• What to produce
The lines below from the one with "Культура народаСовокупность абхазских" up to and including the one with "Stylish Speedo one" are what you should set down, exactly and without pictures.

• Material for this task
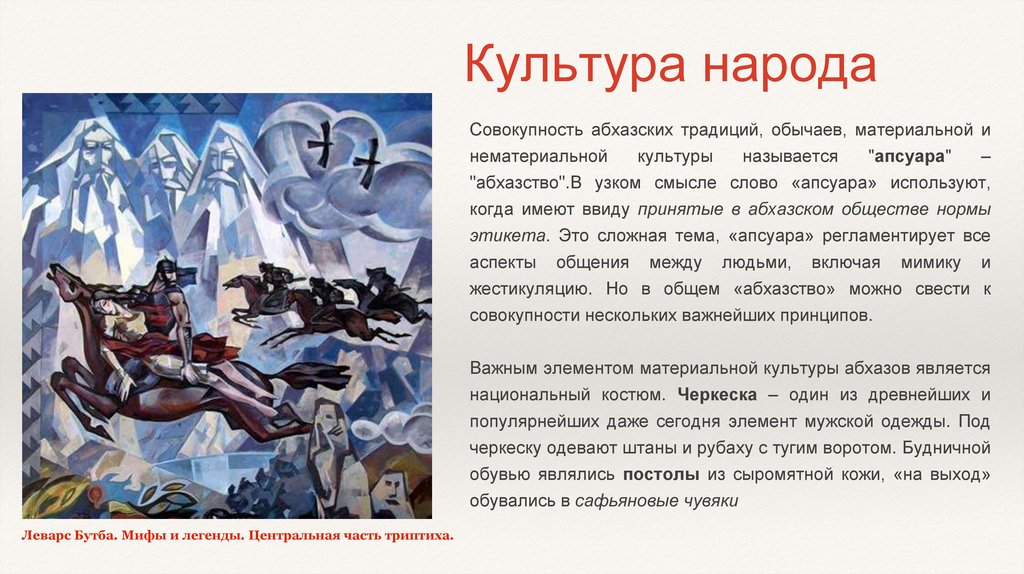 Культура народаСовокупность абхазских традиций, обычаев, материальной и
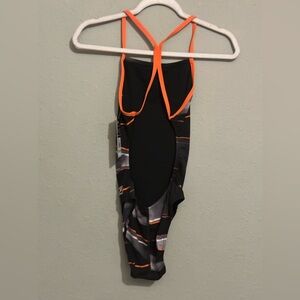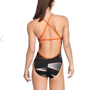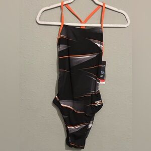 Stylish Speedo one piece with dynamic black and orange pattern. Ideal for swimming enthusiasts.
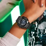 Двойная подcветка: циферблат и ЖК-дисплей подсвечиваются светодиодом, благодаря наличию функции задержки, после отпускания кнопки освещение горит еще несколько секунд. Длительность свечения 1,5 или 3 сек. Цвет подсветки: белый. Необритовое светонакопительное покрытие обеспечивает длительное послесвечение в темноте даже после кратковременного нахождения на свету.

...

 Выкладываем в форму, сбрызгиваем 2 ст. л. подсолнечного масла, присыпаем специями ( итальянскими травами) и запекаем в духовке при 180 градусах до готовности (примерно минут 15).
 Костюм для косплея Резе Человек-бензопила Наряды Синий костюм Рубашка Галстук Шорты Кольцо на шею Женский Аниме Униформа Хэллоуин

...

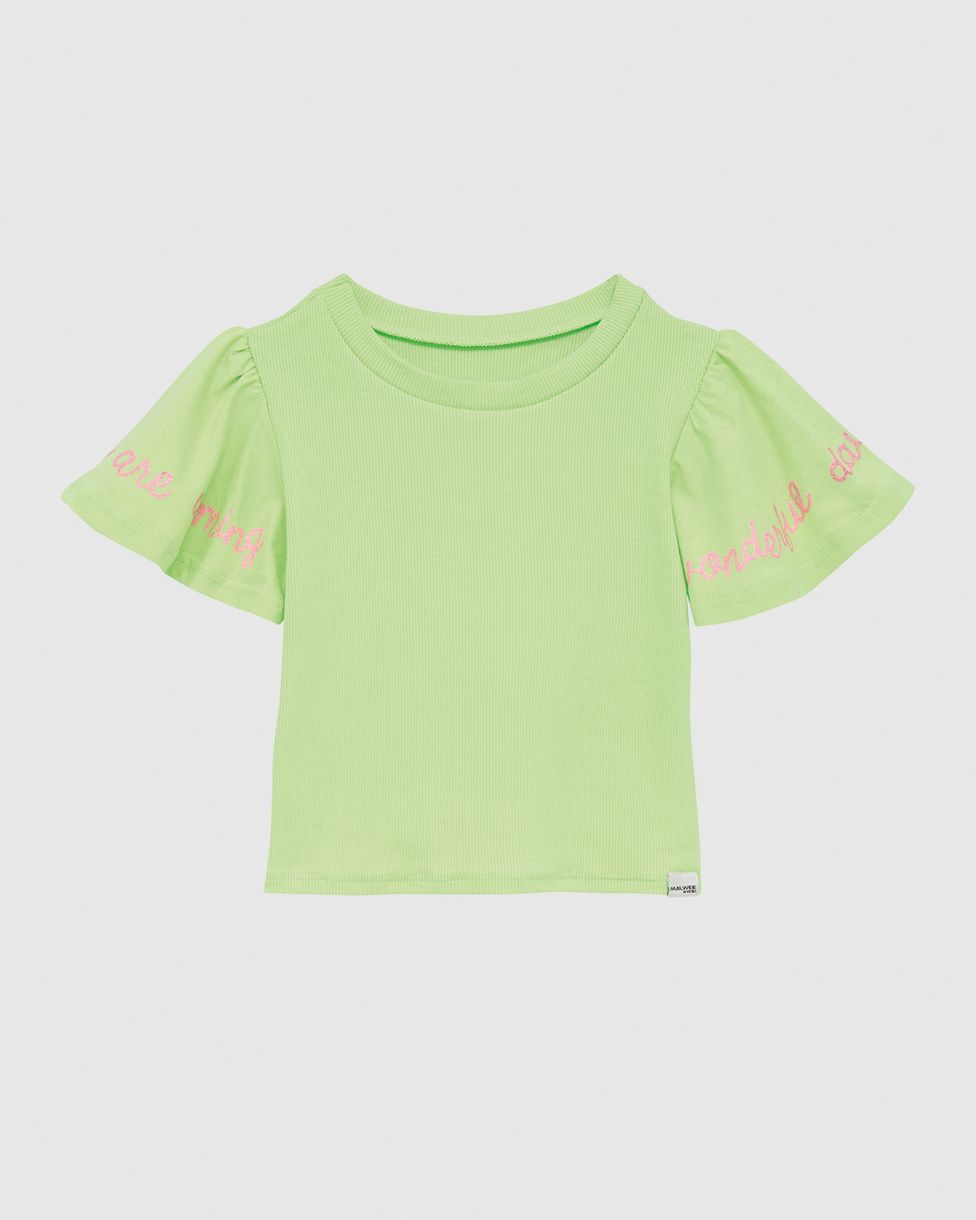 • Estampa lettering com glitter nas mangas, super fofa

• Answer box
 Культура народаСовокупность абхазских традиций, обычаев, материальной и
 Stylish Speedo one piece with dynamic black and orange pattern. Ideal for swimming enthusiasts.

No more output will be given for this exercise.